If you want me to keep writing, STOP doing this weird half-gloating half-bemoaning thing about how I’m going to get soooooo much harassment for what I just wrote, fuck those sexist assholes, amirite? If you want me to keep writing, don’t talk to me about the harassment. Talk to the harassers about the harassment. Talk to Twitter and Facebook about the harassment. Talk to journalists about the harassment. Stop talking to me about it. Unless I bring it up myself because I want support.

Guys, the bullying and harassment women writers experience is HORRIFYING. Do you understand that? Do you *actually* understand it, like on the visceral level where your own gut just twists at the thought of it? Do you understand that this isn’t something to throw around all like “Hey great post, shame they’re going to threaten to rape you because of it!”
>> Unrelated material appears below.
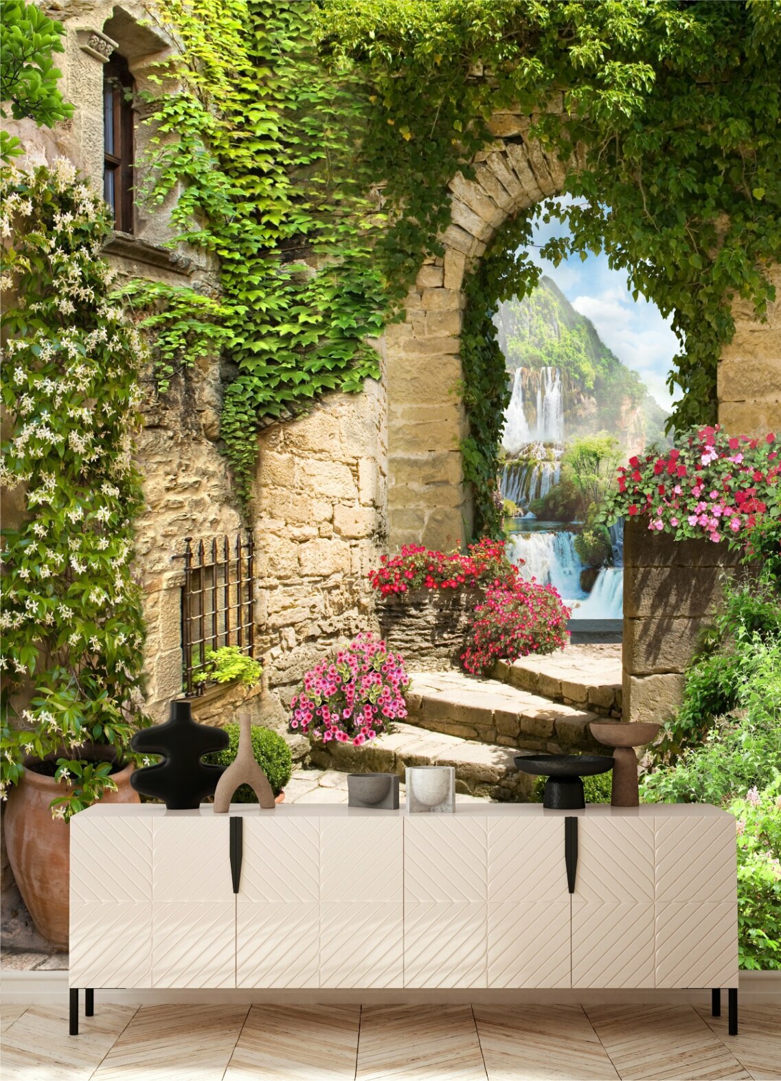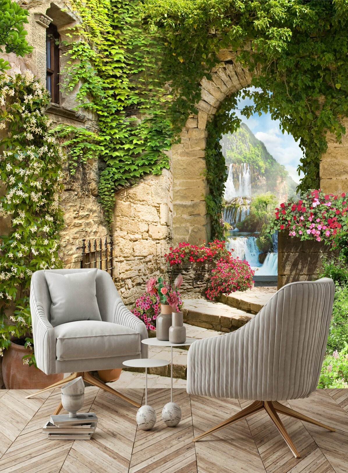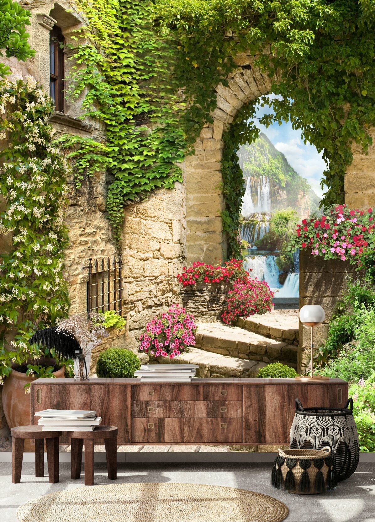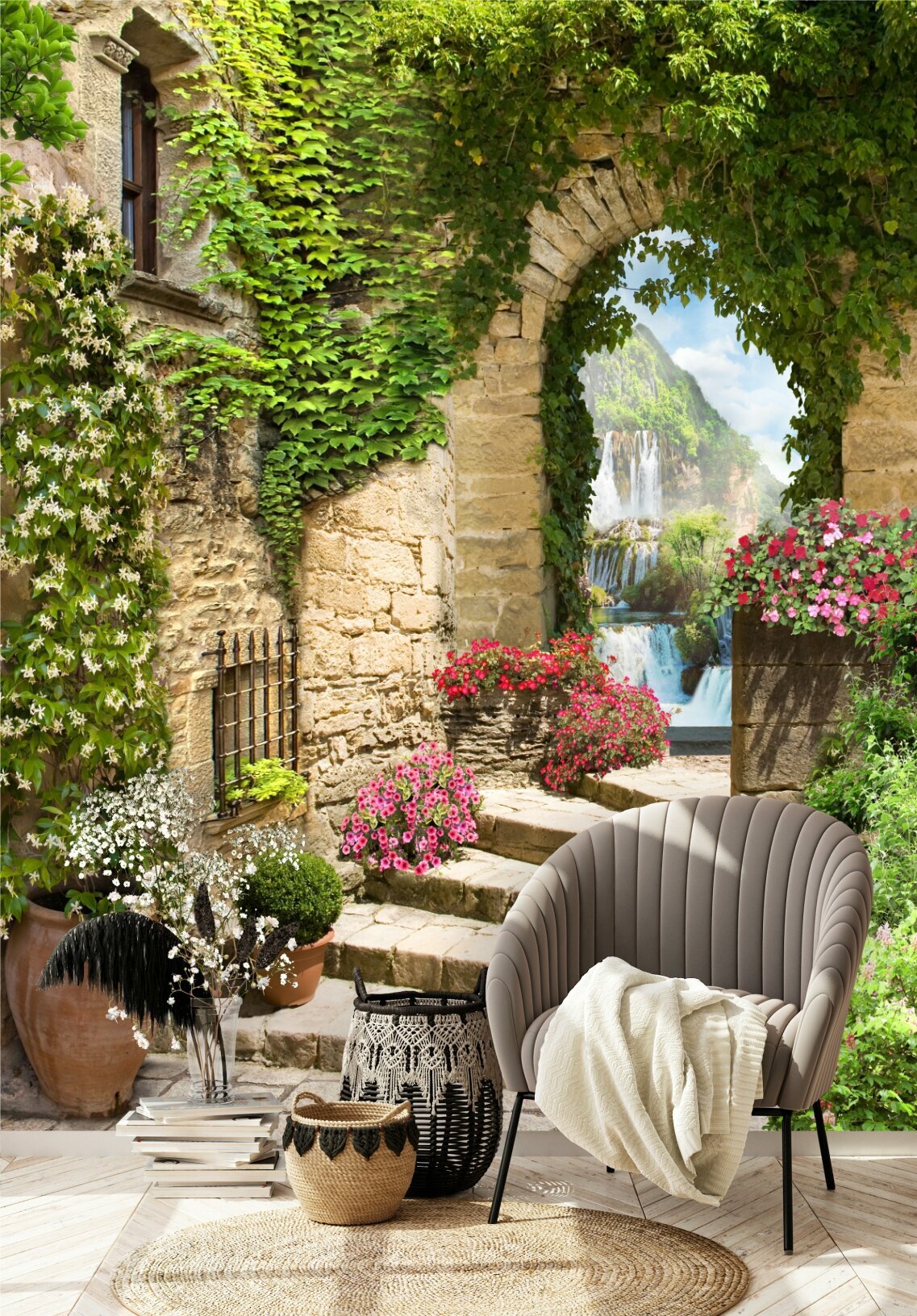 10 цен на Фотообои "Европейский дворик с аркой и водопадом" 200*260 см. /Фотообои на стену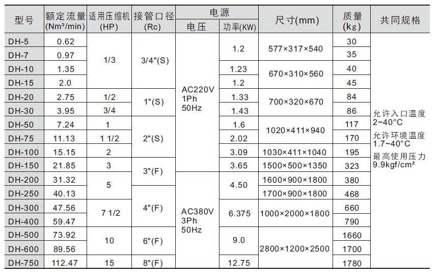 冷凍式空氣干燥機(jī)DH系列

Maybe you can’t understand it on that level. Maybe it’s impossible to understand something you haven’t experienced on that level. So if you don’t, you’d best be reminding yourself of that every single time you’re about to engage with someone on the topic. Remind yourself that as a man your words carry extra weight. You didn’t ask for them to, but they do. Learn to tread more carefully.

One last thing: if you recognize yourself in what I’ve written, please do not message me with “Now I feel bad” or “Now I’m worried I might have done this.” I’m not here to make you feel better about having (accidentally, well-meaningly) overstepped my boundaries. I am here to set those boundaries. I’m not asking for apologies. I don’t want to discuss this with you in private, or else I would’ve contacted you about it in private. When you make jokes or comments that I find particularly hurtful or unhelpful, I’ll usually tell you right then or there, so there’s no need to worry that I’m keeping anything to myself.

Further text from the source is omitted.